La stratégie d’accès vasculaire est fémorale par voie antérograde mais peut être couplée à un accès percutané artériel pédieux direct angiographiquement guidé (figure 6). Ce type d’accès inédit permet un « rendez-vous » des deux guides afin de vaincre la zone d’obstruction infranchissable par l’accès classique et de poursuivre ainsi par la dilatation par le ballonnet approprié à la taille de l’artère et à la longueur de la lésion. De même, dans certaines situations de sauvetage distal, une recanalisation artérielle directe de l’arche plantaire sera accomplie méticuleusement, pour une ré-irrigation spécifique du pied.
Figure 6. Ponction pédieuse percutanée rétrograde (© laboratoires Cook).
L’utilisation commune des stents distaux qu’ils soient nus ou actifs n’est pas systématiquement de mise car le bas de jambe est une région propice aux écrasements en raison des mouvements internes naturels. Par contre, afin de lutter efficacement contre la resténose postangioplastie distale (environ 50 % à 2 ans), source de fréquentes réobstructions, un grand espoir vient de la mise au point des ballonnets actifs nappés de substances antiprolifératives de type paclitaxel, actuellement disponibles et dont les premiers résultats sont très encourageants, tandis que de grandes études randomisées (in-PACT) concernant leurs résultats face à l’angioplastie simple, sont en cours de réalisation.
Conclusion
La prise en charge de l’ischémie critique des membres inférieurs est complexe car elle s’adresse à une catégorie de patients à haut risque d’amputation dans un contexte polyvasculaire de gravité. Elle doit répondre à des protocoles thérapeutiques rigoureux au sein d’une structure de soins spécialisée à orientation vasculaire s’appuyant sur une forte collaboration multidisciplinaire.

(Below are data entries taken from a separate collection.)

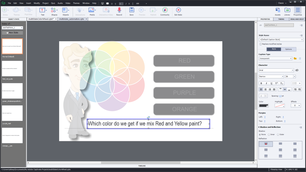 Now if this is your first use of a multi-state object, don’t worry. The concept is pretty simple. Most objects in your Adobe Captivate projects can be turned into multi-state objects. Buttons create their own multi-states in order to help with rollover effects and down states, but in this case I just added multiple states to an image (character) in order to make the process of changing the character’s ‘reaction’ to the answer selections simple.
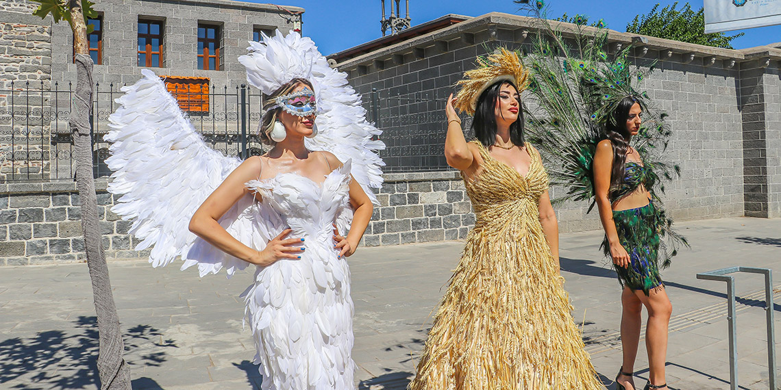 Diyarbakırlı modacı Mehmet Kaymak, ekip arkadaşlarıyla Şanlıurfa biberi, buğday başağı, bamya, tavus kuşu ve beyaz kartal tüylerinden gelinlik tasarladı. Kaymak, gelinlikleri Sur ilçesi Yenikapı Caddesi’nde düzenlediği sokak defilesiyle tanıttı. Özellikle Şanlıurfa biberi ve buğday başağı gelinlikle başında Diyarbakır karpuzu taşıyan mankenin giydiği tasarımlar dikkat çekerken, defileyi izleyenler, fotoğraf çekti.
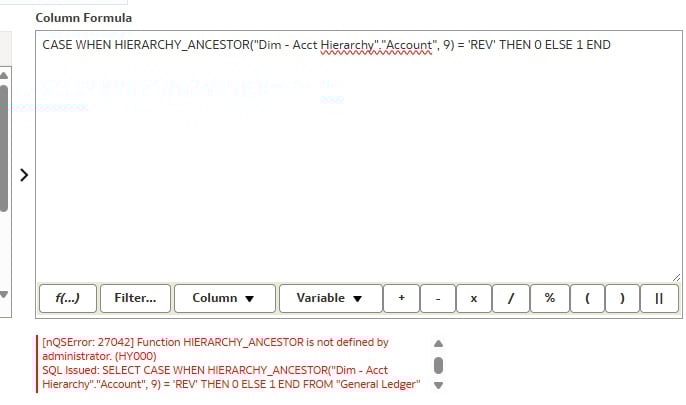 "TRIM" or "CAST" Trick Force the BI Server to evaluate the level value as a clean string. This is the most common fix for level-based columns that appear to "ignore" logic:• CASE WHEN TRIM("Parent Account 9") WHEN 'REV' THEN 1 ...
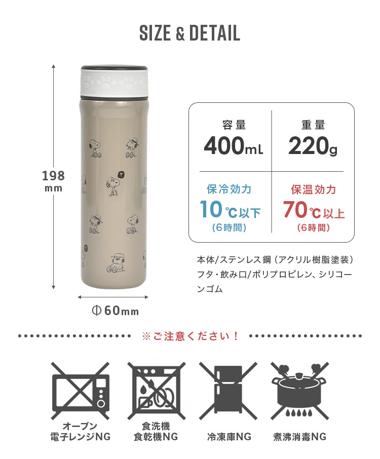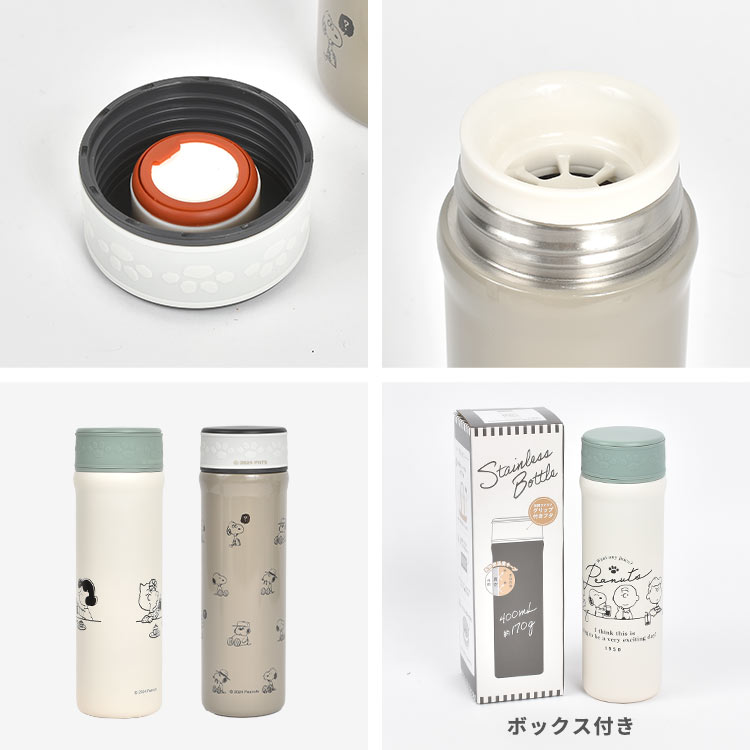 水筒 SNOOPY スヌーピー 400mL 軽い 直飲み おしゃれ 女子 ステンレスボトル 保冷 保温 シンプル かわいい 大人 女性 子供 高校生 中学生 軽量 フタ付き マグボトル コンパクト ランチ グッズ 持ち運び スリム 通勤 通学 内蓋付き オフィス 広口 弁当 雑貨 ギフト ベージュ PEANUTS ピーナッツ キャラクター マイボトル 結露しない 洗いやすい イラスト アイボリー ダイレクト 真空ボトル キッズ プレゼント 細身 メニーブラザー ブラウン 持ちやすい 10代 20代 30代 40代 50代 中学校 高校 大学 学校 入学 準備 入学準備 子ども こども ジュニア 女の子 レディース 母 おかあさん ママ シニア バースデー 誕生日 プチ ミニ お祝い お返し ホワイトデー お洒落 可愛い
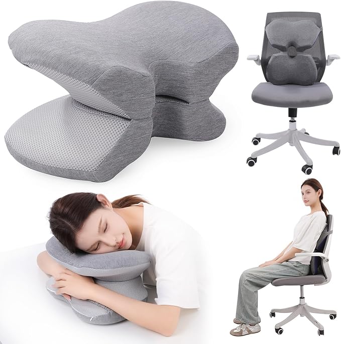 パワーナップピロー お昼寝枕 うつ伏せ 枕 うつぶせ寝 会社 オフィス 仮眠 デスク枕 まくら クッション 昼寝枕デスク (グレー)
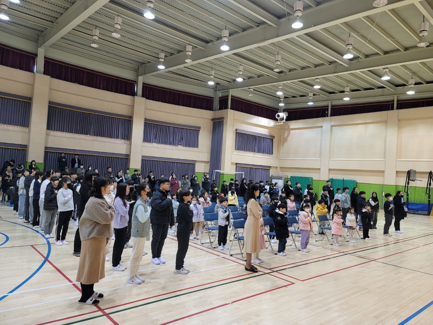 □ 새입학식에서 정인자 교장은 1학년 신입생 36명에 대한 입학 허가 선언과 입학 축하 선물을 증정하였다. 신입생 고○○학생은 “강당과 운동장이 엄청 넓어요. 교실에서 새로운 친구들을 만나 기뻐요”라며 입학의 기쁨을 나타내었다.
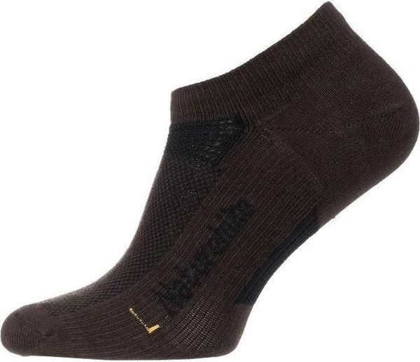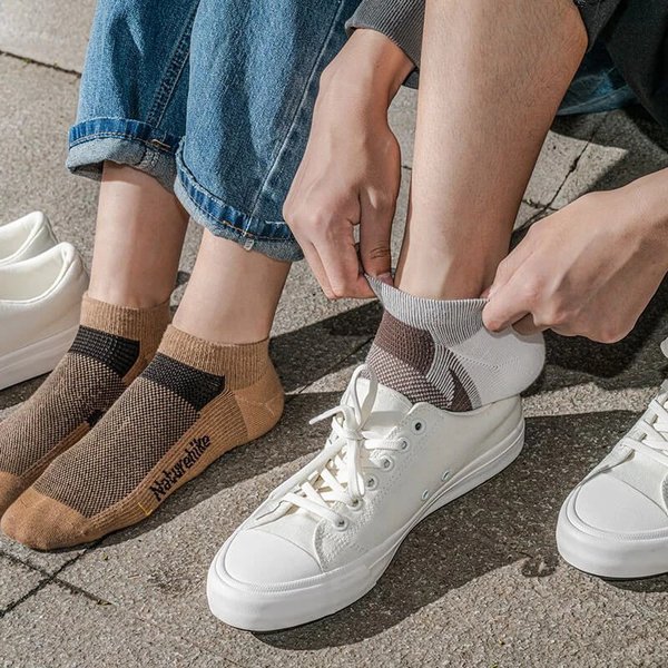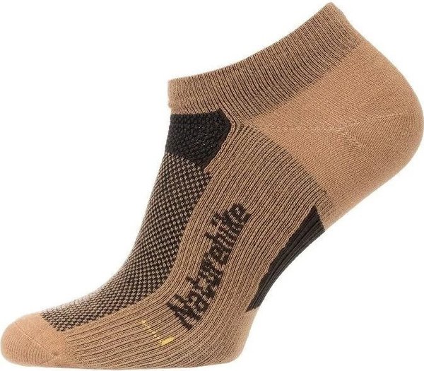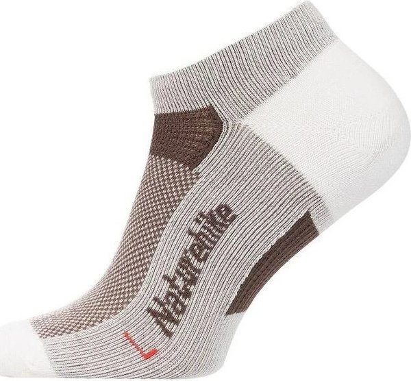 Носки изготовлены по специальному крою, который равномерно распределяет нагрузку по всем мышцам и обеспечивает стопам максимальный комфорт во время бега, скалолазания и пеших путешествий. В комплект входит две пары коротких носков бежевого и коричневого оттенка, которые имеют идентичный состав. Основа состава материала — волокно CoolMax, которое создается путем переплетения четырех полиэстеровых нитей с полой структурой. В результате получается износостойкое волокно с множеством пустот в сечении, через которые выделяемый кожей пот двигается к внешней поверхности материала, где быстро испаряется (скорость испарения примерно на 20% выше, чем у обычных тканей). Данное свойство помогает предотвратить намокание и переохлаждение ног во время интенсивных физических нагрузок. Характеристики волокна CoolMax дополняет нейлон, делающий материал более прочным и предотвращающий его растягивание и деформирование при частом ношении и стирке. Хлопок придает изделию мягкость, а его воздухопроницаемость позволяет сохранять оптимальную температуру тела. Небольшое добавление спандекса улучшает качество посадки носков на ноге, предотвращая их скатывание во время движения. Носки имеют уплотнительные вставки в области пальцев во избежание их натирания. В верхней части носков присутствует тонкая сетчатая зона, которая улучшает воздухопроницаемость. Анатомическая стопа для амортизации минимизирует риск возникновения микро разрывов и болей в области свода стопы при длительных занятий спортом. Плотная посадка от пятки до щиколотки оказывает компрессионный эффект. Данные носки имеют размер M, который подходит для обладателей ноги размером 36-39. Каждое изделие идет с маркировкой L (левый) или R (правый).
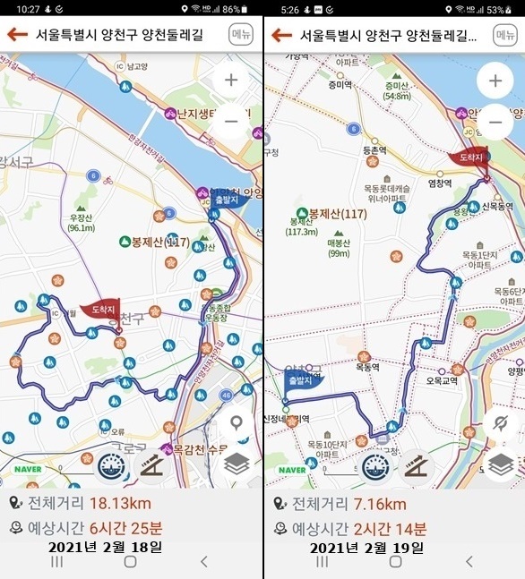 양천둘레길 도심형코스(2021년 2월 18일~19일) 본문
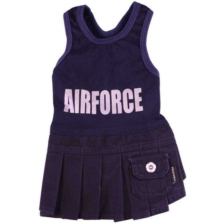 Combinaison de débardeur bleu marine avec l'inscription brillante "Airforce" et la jupe plissée à poche qui peut servir de stock de provisions pour la petite faim en cours de route. Taille: Longueur du dos Tour de poitrine XS 25cm, 30cm S 28cm, 32cm M 31cm, 36cm L 32cm , 42cm XL 36cm , 44cm XXL 42cm , 48cm"
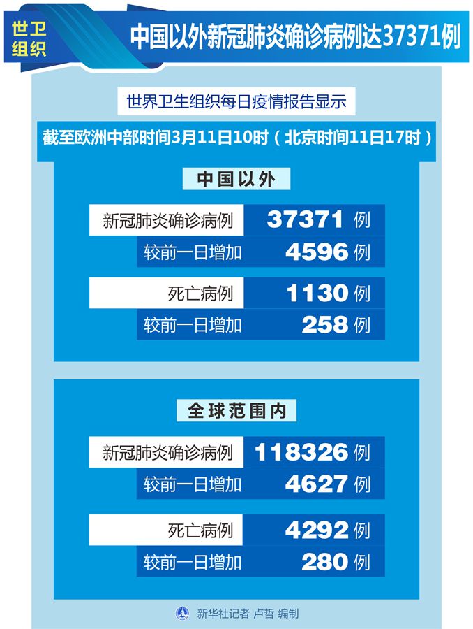 世衛(wèi)組織每日疫情報告顯示,截至歐洲中部時間11日10時(北京時間11日17時),中國以外新冠肺炎確診病例較前一日增加4596例,達到37371例;中國以外死亡病例較前一日增加258例,達到1130例。

L’innocuité relative des techniques endovasculaires distales et leur efficacité croissante grâce à la miniaturisation des matériels utilisés, les rendent indispensables dans l’arsenal thérapeutique moderne.
Le principe général est celui d’une désobstruction focalisée à visée de reperfusion immédiate du membre en souffrance ischémique pour faire disparaître les phénomènes douloureux et parfaire la cicatrisation locale des plaies afin de redonner au patient ses possibilités de marche.